To turn on the autograd function in a tensor, you have to set requires_grad = True (it’s set to False in default). Here’s an example of using autograd:

x = torch.tensor([2.0], requires_grad=True)
y = x ** 2 + 1

# .backward() runs backpropagation
y.backward()
# .grad shows the gradient w.r.t the value
print(x.grad)

# the gradient accumulates
# so it's good practice to set the gradient back to 0
x.grad.zero_()
print(x.grad)

Output:

tensor([4.])
tensor([0.])

This is how you stop autograd:

# stopping gradient tracking
# .requires_grad_(False)
x = torch.ones(2, requires_grad=True)
print(x.requires_grad)
x.requires_grad_(False)
print(x.requires_grad)

Output:

True
False

If you want a new tensor to not be connected to the computational graph (the chain), you can use .detach()

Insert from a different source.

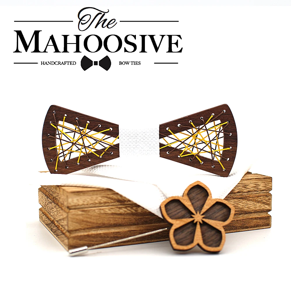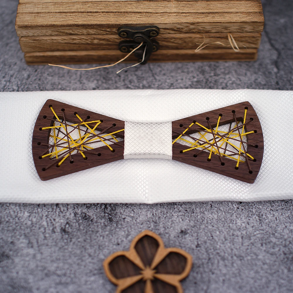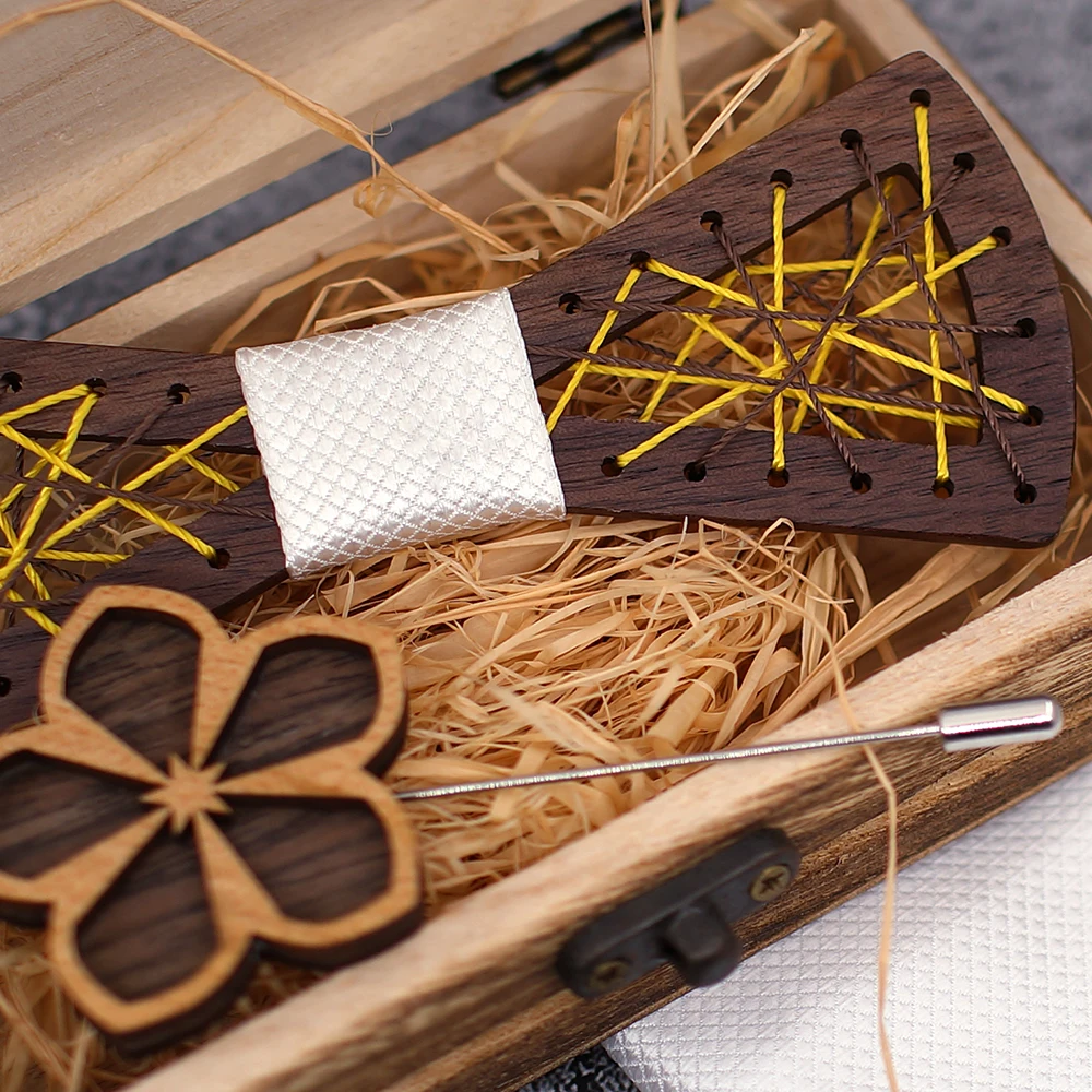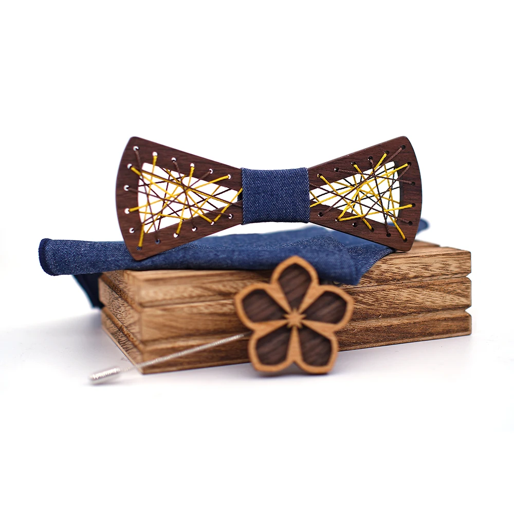 Papillon in legno da uomo papillon in legno intagliato tasca gemelli quadrati Set papillon floreale scatola di legno vestito Business Wedding

x = torch.tensor([2.0], requires_grad=True)
y = x * 3
z = y.detach() 

print(y.requires_grad)
print(z.requires_grad)

Output:

True
False

Finally, you can use with torch.no_grad() to temporarily stop gradient tracking:

x = torch.randn(2, 2, requires_grad=True)
print(x.requires_grad)
with torch.no_grad():
    y = x ** 2
    print(y.requires_grad)

Output:

True
False

🏗️ Building and Training a Simple Model

Now we have all the building blocks, and it’s time to actually build something! Here, we will build a simple linear regression model (if you’re not used to linear regression, I encourage you to read this blog post):

# Import libraries
import torch
import torch.nn as nn


# Create dataset
torch.manual_seed(314)
X = torch.rand(100, 1) * 10
# y = 2x + 3 + noise
y = 2 * X + 3 + torch.randn(100, 1)


# Define model
class LinearRegressionModel(nn.Module):
    def __init__(self):
        super().__init__()
        # input_dim=1, output_dim=1
        self.linear = nn.Linear(1, 1)

    def forward(self, x):
        return self.linear(x)


# Model, loss, and optimizer
model = LinearRegressionModel()
# Mean squared error
criterion = nn.MSELoss()
# Stochastic gradient descent
optimizer = torch.optim.SGD(model.parameters(), lr=0.01)


# Training loop
epochs = 1000
for epoch in range(epochs):
    # Forward propagation
    y_pred = model(X)

    # Compute loss
    loss = criterion(y_pred, y)

    # Backward propagation & optimization
    optimizer.zero_grad()
    loss.backward()
    # Update weights
    optimizer.step()

    if (epoch+1) % 100 == 0:
        [w, b] = model.parameters()
        print(f'Epoch {epoch+1}/{epochs}, Loss: {loss.item():.4f}')

w, b = model.parameters()
print(f"Learned weight: {w.item():.2f}, bias: {b.item():.2f}")

Output:

Epoch 100/1000, Loss: 1.4866
Epoch 200/1000, Loss: 1.1636
Epoch 300/1000, Loss: 1.0480
Epoch 400/1000, Loss: 1.0067
Epoch 500/1000, Loss: 0.9919
Epoch 600/1000, Loss: 0.9866
Epoch 700/1000, Loss: 0.9847
Epoch 800/1000, Loss: 0.9840
Epoch 900/1000, Loss: 0.9838
Epoch 1000/1000, Loss: 0.9837
Learned weight: 2.00, bias: 2.92

This is it! We’ve now built and trained our first model 😊

If you’d like to learn more about PyTorch, the PyTorch Documentation is a great place to start with. It would guide you from installaion to all the main components of PyTorch.

✅ Summary

In this blog post, we’ve learned about PyTorch, one of the essentials in deep learning. We’ve covered tensors, autograd, and training models, and you’ll now understand about 80% of PyTorch, which I think is enough to build and train real models. Thanks for reading, and I’ll see you in the next blog post!